- [Input data]

=-=-=-=-=

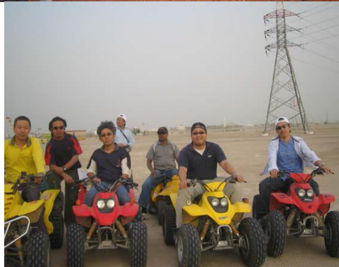
Boys' Day Out. ATV (buggy) ride in the desert. Winter 2006/07.

Life in Kuwait is quite interesting and enjoyable. As a Muslim family, we are appreciative of the Islamic environment here. We still miss Malaysia though, especially in the middle of scorching summer heat. There are only two distinct seasons here; winter which lasts from mid-November to February and summer which runs from June to mid-October. Spring and autumn are experienced as short intervals between the two seasons.
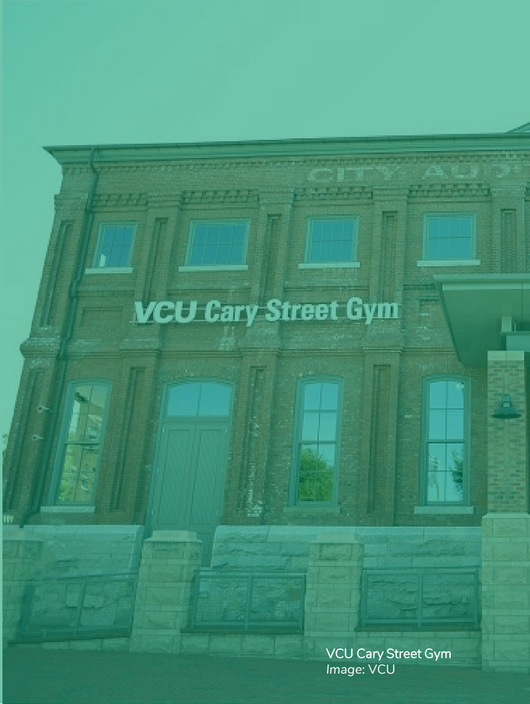
VCU Cary Street Gym

=-=-=-=-=

- [Brief] Reproduce the data above word for word, but leave the images out.

- [Response box]
Boys' Day Out. ATV (buggy) ride in the desert. Winter 2006/07.

Life in Kuwait is quite interesting and enjoyable. As a Muslim family, we are appreciative of the Islamic environment here. We still miss Malaysia though, especially in the middle of scorching summer heat. There are only two distinct seasons here; winter which lasts from mid-November to February and summer which runs from June to mid-October. Spring and autumn are experienced as short intervals between the two seasons.
VCU Cary Street Gym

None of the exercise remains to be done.